После, когда он шел мимо книжного магазина, он увидел там Мариану. Она просматривала книгу. Какую, он не разглядел, да ему и не надо было разглядывать, он и так знал, какую книгу может листать Мариана. Что-нибудь явно бредовое о путешествиях в жаркие страны, где водятся попугаи и разноцветные мухи. О крокодилах, которые ползают по раскаленным пескам, или же совсем наоборот — о белых медведях, которые лязгают зубами от холода. Такие книги с первой же страницы нагоняют тоску зеленую. А Мариана охотится за этой мурой, особенно если там что-то есть и про любовь, а это значит про ахи и вздохи, про тех, у кого на уме одна чушь. Подумаешь, любовь! Что в ней такого непостижимого? Серьезную книгу она, конечно, и в руки не возьмет. Например, словарь неологизмов. Замечательная вещь!
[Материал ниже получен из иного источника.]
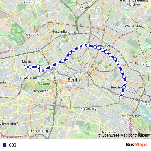 The first stop of the 883 tram route is U Turmstr. (Berlin) and the last stop is S+U Warschauer Str. (Berlin). 883 is operational during täglich.
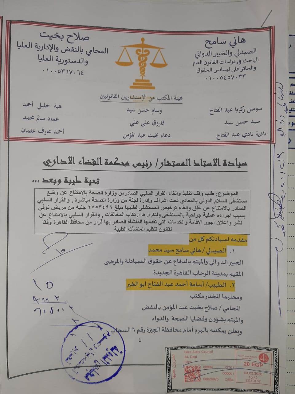 القضية رفعها الصيدلي هاني سامح والمحامي بالنقض صلاح بخيت ومعهما الطبيب أسامة ابو الخير، الذي توفي والده جراء عملية جراحية بالمستشفى الذي طالبه بسداد 2.75 مليون جنيه كأتعاب خدمات طبية للمستشفى.

В одну секунду ты можешь узнать, что «эвпатия» — это покорность страданиям. Там есть слова и потруднее, и все расположены в строгом порядке, по алфавиту. Одно удовольствие смотреть.

Мальчик пошел своей дорогой, и, когда мимо проезжал тридцать пятый автобус, рядом с шофером он увидел Мариану. На ней красная куртка и красная шапочка, через плечо перекинуты ботинки с коньками. Едет на каток, определенно едет на каток, ей можно, она ни о чем и ни о ком не думает. На ее месте он бы тоже так поступил, не то что на каток, а махнул бы даже в Синаю или в Предял[4] кататься на лыжах, на санках. Нет, по правде, неужели и он поступил бы так на ее месте? И не мучился бы? И совесть не грызла бы ничуть? Откровенно, по-честному? Ну, если начнешь задаваться такими вопросами, им и конца не будет! Не все же люди одинаковы, пусть каждый живет как хочет, вовсе не обязательно сравнивать себя с другими.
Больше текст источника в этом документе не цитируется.